The Westmoreland County road project will be located between the Irwin and Pittsburgh interchanges, and accessible for westbound and eastbound drivers.
The project was officially announced almost two years ago in October 2021.
The preliminary design phase, which started earlier this summer, will take two years to complete, Penn Township Secretary/Manager Mary Perez told the Pittsburgh Tribune-Review.
The project will then go into final design, slated to take about four years, she said, before construction officially gets under way.
PTC officials told the township in a mid-August meeting that the project will take about nine years to complete, according to Ward 4 Commissioner Chuck Miller said.
The turnpike commission already has purchased some land in the interchange area to use for project staging, he told the Pittsburgh news source, but it plans to resell it once the project is complete.
"They have no interest in being property owners," Miller said.
Although the Pennsylvania Turnpike/Pa. 130 interchange will make it easier for residents to access the turnpike, Miller has some concerns about impacts to Pa. 130's traffic infrastructure — most notably with an ambulance station on nearby Sandy Hill Road.
"My primary concern is our ambulance base," he explained. "Not that the businesses and homes don't mean anything, but you have to have an ambulance base centrally located to be able to respond."
He added, though, that it has not been determined if the station will be adversely affected.
The PTC also plans to move the shed on Nike Site Road to the other side of Pa. 130, Miller told the Tribune-Review.
Marjie Previc is "just worried about finding some place to move to."

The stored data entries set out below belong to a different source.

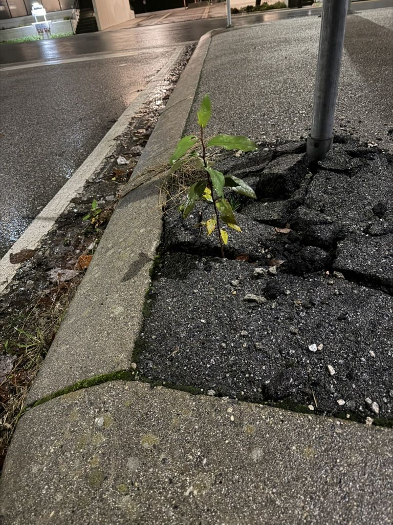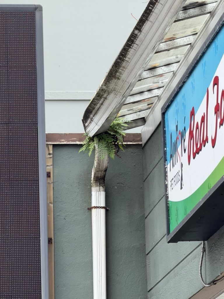 flora growing at unexpected places in the water near the New West quay, at a median strip in Brentwood, and in the roofing of a rundown store at Capitol Hill
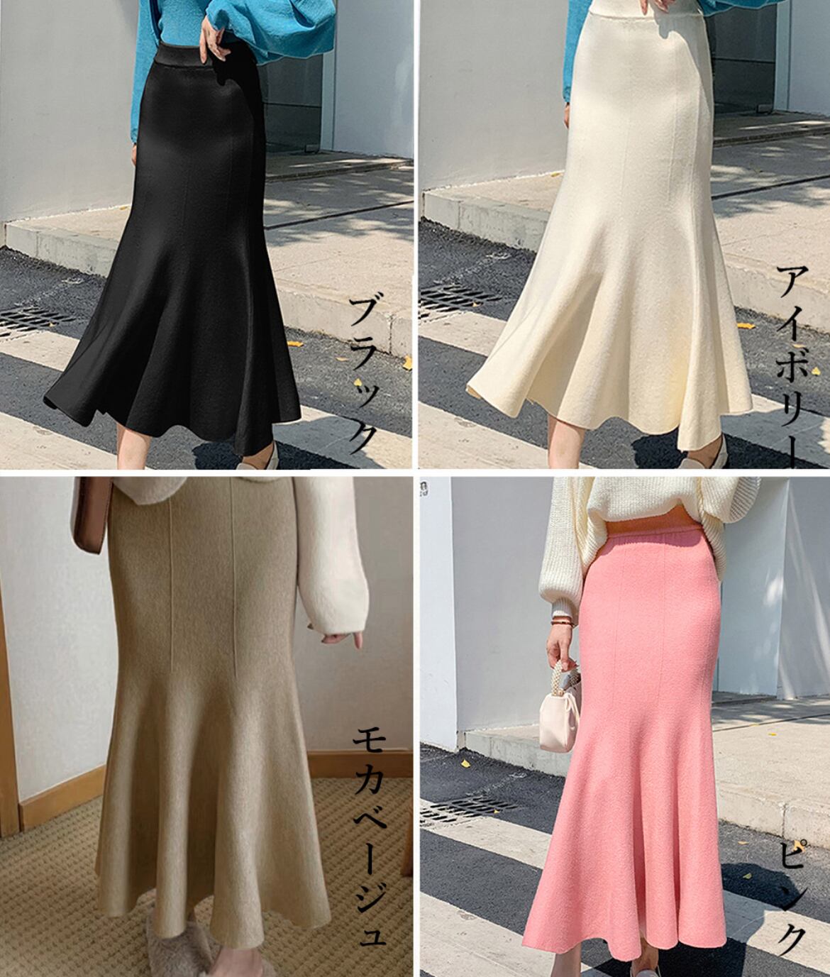 360度動きのある綺麗なシルエットを演出、歩く度に華やかなラインを描く韓国DESIGNの新作ニット生地マーメイドスカート
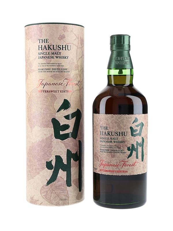 A limited edition bottle of The Hakushu Japanese Forest Bittersweet Single Malt Japanese Whisky, aged in Spanish oak casks before being bottle at 43% ABV.

She owns Marjie's Flowers, a flower shop in Crossroads Plaza next to where the interchange's proposed location is to be constructed along Pa. 130.
"It's going to be a year or so before anything comes to fruition," Previc said, "so I'll worry about it when the time comes."

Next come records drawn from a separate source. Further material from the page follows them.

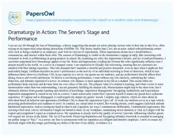 Applying Dramaturgy to my life involves recognizing the interplay between my roles, the impressions I project, and my performances. As both a student and an employee, I am expected to fulfill specific responsibilities with dedication and enthusiasm. Effective impression management requires aligning my facework with the persona I wish to project, whether as a diligent student or a competent server. Role embracement enhances my connection with customers and enriches my learning experience, motivating me to excel in both arenas.
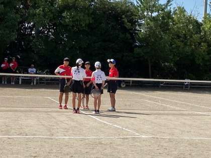 女子ソフトテニス部新人戦団体戦が大枝中学校にて行われました。
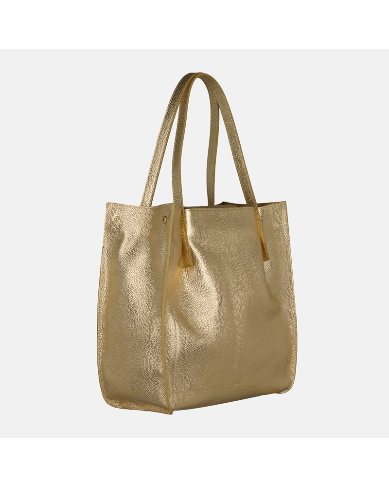 WOJEWODZIC ▷ TALIA Złota torebka skórzana « rozmiar duży « do ręki « na ramię « zapięcie magnes « pomieści format A4 « materiał skóra naturalna groch « dodatki złote « sklep internetowy
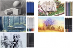 Různé tvrdosti tužek a rozmazávací tyčinky umožní jemné přechody, realistické textury i ostré kontury. Ideální pro studijní kresbu i ilustraci.
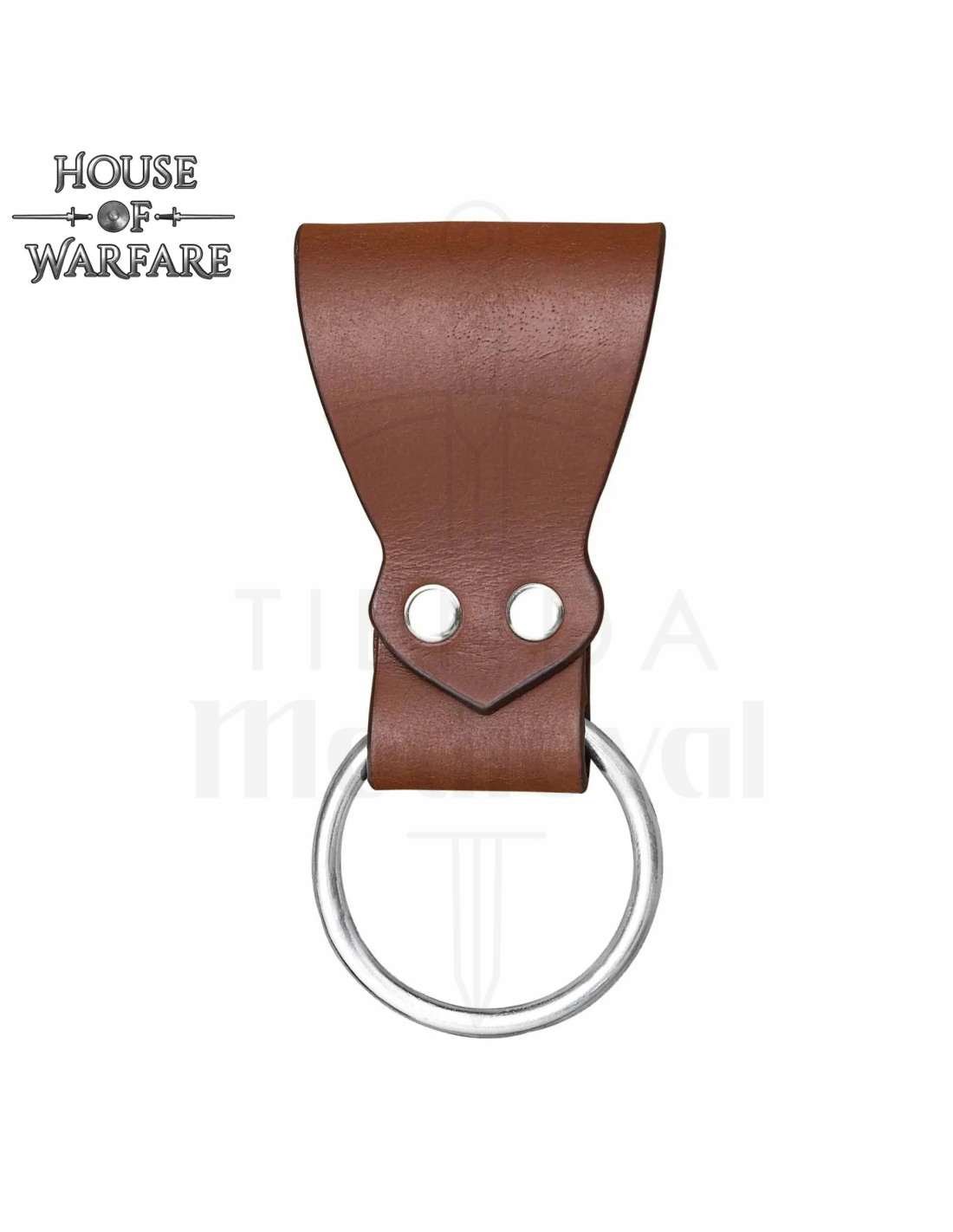 Este accesorio combina cuero marrón de calidad, que puede ser cuero auténtico o una alternativa sintética bien trabajada, con un aro metálico plateado sólido remachado para mayor resistencia. La pieza presenta una paleta cálida y acabados artesanales, con la piel doblada y fijada por dos remaches visibles, aportando un aire clásico y robusto a tu equipo.
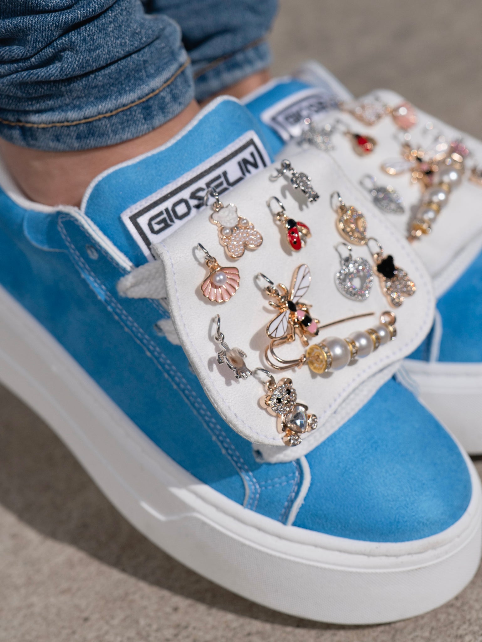 The heart of this exclusive model is the tongue with integrated charms , a bold and precious detail that conquers at first glance.
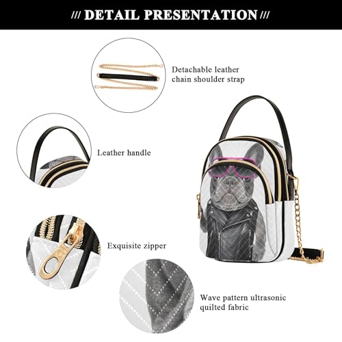 Funny French Bulldog White Women over Shoulder Purse Quilted Cell Phone Purse Chain Strap Cute Zipper Satchel Crossbody Tote 4

Because the interchange will have "open road tolling," according to PTC Spokesperson Crispin Havener, it will take up less space than the "typical, old-style toll booth system." He added it will not "extend very far outside of that block where the interchange will be."
Miller said residents' opinions on the interchange are split.
"[Community members] are either 100 percent for it or 100 percent against it," he told the Pittsburgh newspaper. "It doesn't seem like people are too comfortable with being middle of the road [about it]."
The PTC said in a statement, that the new interchange will "provide improved access to neighboring counties and employment centers from the turnpike and encourage economic development in Westmoreland County."
The commission plans to host a public presentation on the road project. Information on the meeting and the project's progress will be announced on the project website at https://www.paturnpike.com/traveling/construction/site/sr130-interchange.
Perez hopes there will be consistent communication from PTC to dispel any rumors about the construction effort.
"I'm glad to have this project site set up and we can link to it," she said, "because I'm hoping people will go to that — if they keep it updated — and it will stop a lot of the misinformation that's out there on [social media]."